Power systems are going through a paradigm shift. Centralized large power plants are being replaced with millions of incompatible, relatively small distributed generators. At the same time, the number of loads is constantly increasing. These present unprecedented challenges to the operation of future power systems. In this talk, it will be revealed that the fundamental challenge behind this paradigm shift is that future power systems will be power-electronics-enabled with millions of heterogeneous active players, rather than electric-machines-based with thousands of homogeneous generators. A holistic grid architecture, referred to as the SYNDEM (meaning synchronized and democratized) grid architecture, together with its technical routes, will be presented to accelerate this paradigm shift.
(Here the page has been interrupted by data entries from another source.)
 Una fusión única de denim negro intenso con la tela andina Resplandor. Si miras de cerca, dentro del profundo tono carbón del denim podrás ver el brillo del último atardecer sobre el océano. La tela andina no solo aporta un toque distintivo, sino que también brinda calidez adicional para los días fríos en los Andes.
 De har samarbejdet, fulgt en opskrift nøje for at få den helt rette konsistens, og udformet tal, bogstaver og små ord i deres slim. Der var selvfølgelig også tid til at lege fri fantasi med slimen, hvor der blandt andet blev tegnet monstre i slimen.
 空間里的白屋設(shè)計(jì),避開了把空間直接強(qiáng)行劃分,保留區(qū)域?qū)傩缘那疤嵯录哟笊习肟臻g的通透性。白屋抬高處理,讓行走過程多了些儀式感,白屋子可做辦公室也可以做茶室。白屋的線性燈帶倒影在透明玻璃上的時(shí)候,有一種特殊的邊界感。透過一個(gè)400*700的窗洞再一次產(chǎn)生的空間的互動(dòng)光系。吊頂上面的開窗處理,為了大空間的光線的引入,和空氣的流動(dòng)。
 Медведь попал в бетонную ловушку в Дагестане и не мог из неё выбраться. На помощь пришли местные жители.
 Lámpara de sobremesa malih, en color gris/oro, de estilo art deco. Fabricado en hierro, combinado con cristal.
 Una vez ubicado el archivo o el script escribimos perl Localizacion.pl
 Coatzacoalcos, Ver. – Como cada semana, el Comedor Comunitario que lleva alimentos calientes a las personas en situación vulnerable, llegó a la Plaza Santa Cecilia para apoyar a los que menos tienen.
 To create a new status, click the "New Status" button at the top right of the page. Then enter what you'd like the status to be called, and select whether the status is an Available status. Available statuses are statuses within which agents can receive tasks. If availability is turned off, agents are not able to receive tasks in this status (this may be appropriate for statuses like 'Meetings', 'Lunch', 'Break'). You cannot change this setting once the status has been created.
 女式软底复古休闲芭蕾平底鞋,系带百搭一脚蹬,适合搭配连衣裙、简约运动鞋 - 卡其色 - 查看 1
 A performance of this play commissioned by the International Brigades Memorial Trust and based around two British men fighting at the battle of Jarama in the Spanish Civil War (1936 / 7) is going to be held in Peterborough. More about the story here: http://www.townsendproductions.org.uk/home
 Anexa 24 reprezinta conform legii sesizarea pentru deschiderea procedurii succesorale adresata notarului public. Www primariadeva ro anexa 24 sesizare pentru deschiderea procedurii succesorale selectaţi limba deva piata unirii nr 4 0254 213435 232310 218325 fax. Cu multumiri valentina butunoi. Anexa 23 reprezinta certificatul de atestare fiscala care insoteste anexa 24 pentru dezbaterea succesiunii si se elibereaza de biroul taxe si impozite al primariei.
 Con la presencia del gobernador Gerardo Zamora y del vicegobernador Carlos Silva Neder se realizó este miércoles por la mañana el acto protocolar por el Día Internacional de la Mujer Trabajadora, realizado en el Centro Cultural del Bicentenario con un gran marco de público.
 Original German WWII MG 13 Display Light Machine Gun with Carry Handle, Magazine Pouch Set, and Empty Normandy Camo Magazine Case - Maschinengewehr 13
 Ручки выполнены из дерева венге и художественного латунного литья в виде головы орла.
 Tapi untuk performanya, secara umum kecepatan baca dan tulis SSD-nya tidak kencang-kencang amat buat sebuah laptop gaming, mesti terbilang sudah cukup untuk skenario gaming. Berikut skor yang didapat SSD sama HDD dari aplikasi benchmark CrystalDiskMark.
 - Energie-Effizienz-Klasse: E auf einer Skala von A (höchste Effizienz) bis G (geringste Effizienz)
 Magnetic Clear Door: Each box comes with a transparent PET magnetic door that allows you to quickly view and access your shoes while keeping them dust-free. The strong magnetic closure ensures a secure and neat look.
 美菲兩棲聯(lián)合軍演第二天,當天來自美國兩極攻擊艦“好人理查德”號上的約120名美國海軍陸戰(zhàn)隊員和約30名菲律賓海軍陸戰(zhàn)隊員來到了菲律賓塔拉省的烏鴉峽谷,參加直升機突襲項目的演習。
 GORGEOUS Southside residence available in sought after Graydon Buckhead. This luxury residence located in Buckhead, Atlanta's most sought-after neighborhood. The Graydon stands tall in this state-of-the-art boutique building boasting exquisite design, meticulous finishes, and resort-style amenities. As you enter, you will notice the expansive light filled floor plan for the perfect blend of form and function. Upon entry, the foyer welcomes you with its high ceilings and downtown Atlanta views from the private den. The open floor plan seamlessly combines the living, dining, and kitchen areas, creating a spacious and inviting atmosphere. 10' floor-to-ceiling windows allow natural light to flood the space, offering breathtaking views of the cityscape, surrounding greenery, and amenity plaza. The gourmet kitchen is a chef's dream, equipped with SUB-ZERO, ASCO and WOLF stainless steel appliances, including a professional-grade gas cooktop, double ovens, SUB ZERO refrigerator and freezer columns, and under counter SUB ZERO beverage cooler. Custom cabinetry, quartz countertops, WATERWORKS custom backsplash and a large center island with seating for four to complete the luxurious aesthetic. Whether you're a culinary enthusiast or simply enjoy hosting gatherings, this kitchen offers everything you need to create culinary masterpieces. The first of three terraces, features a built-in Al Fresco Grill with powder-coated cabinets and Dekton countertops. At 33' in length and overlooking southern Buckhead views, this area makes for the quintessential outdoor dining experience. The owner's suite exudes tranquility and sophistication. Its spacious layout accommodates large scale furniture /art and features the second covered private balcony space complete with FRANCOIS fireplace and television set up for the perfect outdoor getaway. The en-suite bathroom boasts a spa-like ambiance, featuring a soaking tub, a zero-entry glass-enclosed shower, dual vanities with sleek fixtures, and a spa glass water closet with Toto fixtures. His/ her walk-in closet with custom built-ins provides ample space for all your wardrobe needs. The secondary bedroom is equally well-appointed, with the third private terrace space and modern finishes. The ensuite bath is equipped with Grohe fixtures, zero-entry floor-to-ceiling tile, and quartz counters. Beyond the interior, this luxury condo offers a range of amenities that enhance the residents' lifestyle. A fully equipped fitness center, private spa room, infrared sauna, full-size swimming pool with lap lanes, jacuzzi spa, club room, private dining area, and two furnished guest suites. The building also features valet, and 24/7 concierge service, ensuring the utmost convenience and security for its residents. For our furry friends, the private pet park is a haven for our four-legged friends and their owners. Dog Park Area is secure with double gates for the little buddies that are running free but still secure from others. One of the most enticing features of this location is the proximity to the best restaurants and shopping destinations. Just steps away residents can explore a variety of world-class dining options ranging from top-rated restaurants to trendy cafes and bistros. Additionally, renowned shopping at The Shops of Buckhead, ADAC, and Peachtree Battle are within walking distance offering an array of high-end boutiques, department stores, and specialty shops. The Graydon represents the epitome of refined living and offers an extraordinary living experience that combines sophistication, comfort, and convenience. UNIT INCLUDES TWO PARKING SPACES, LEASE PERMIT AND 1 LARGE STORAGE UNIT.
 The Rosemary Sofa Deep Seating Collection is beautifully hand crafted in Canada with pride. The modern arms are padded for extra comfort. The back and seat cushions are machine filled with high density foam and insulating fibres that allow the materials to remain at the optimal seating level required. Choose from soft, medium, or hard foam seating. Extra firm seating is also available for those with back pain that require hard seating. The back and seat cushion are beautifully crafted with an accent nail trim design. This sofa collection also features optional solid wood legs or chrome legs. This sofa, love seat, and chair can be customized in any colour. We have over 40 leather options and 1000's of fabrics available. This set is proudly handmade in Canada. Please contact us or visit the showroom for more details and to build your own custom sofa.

Millions of power-electronics-enabled active players, large or small, supplying or consuming, can be controlled to behave like virtual synchronous machines (VSM) so that they can equally, autonomously, and actively take part in the regulation of system frequency and voltage. The lastest results from a system consisting of 108 physical power electronic converters established with the SYNDEM architecture and technologies will be presented. Moreover, the communication infrastructure can be released from the low-level control of power systems. This opens up the prospect of achieving autonomous operation for future power systems without relying on communication networks. This holistic solution could considerably enhance the stability, scalability, operability, security, reliability and resiliency of the next-generation smart grid.

Virtual Synchronous Machines: A Unified Interface for Smart Grid Integration

Power systems are going through a paradigm change from centralized generation to distributed generation and further on to smart grids. More and more renewable-energy sources, electric vehicles, energy storage systems, and so forth are being connected to power systems through power electronic converters. Moreover, the majority of loads are expected to connect to the grid through power electronic converters as well. It will be shown in this talk that these converters, either on the supply side or on the load side, can all be controlled to behave like virtual synchronous machines (VSMs) and possess the dynamics of synchronous machines, providing a unified interface for smart grid integration.

Go Real: Power Electronics From Simulations to Experiments in Hours

The only constant is change – power systems worldwide are going through a paradigm change from centralized generation to distributed generation; transportation systems are being electrified; and billions of lives in third-world countries are awaiting low-cost sustainable electricity. Control and power electronic technologies are two common enablers to address these grand challenges. Empowering next-generation engineers with hands-on skills in control and power electronics has become a priority for global higher education. However, setting up a suitable experimental system requires time, effort, and a broad range of expertise. This article aims to help researchers, university professors, graduate students, and engineers lower the barriers to go real from simulations to experiments for various power electronic systems and improve the efficiency and productivity of research, development, and education. It shows that it is possible to obtain experimental results within hours after completing simulations by adopting the SYNDEM Smart Grid Research and Educational Kit, which is a reconfigurable, opensource, multifunctional power electronic converter with the capability of directly downloading codes from MATLAB/Simulink. This minimizes the time, cost, and efforts needed to develop hardware systems and removes the burden of coding. After briefly introducing the SYNDEM kit and highlighting the automatic code generation capability, some case studies featuring single-node systems and multi-node systems will be illustrated.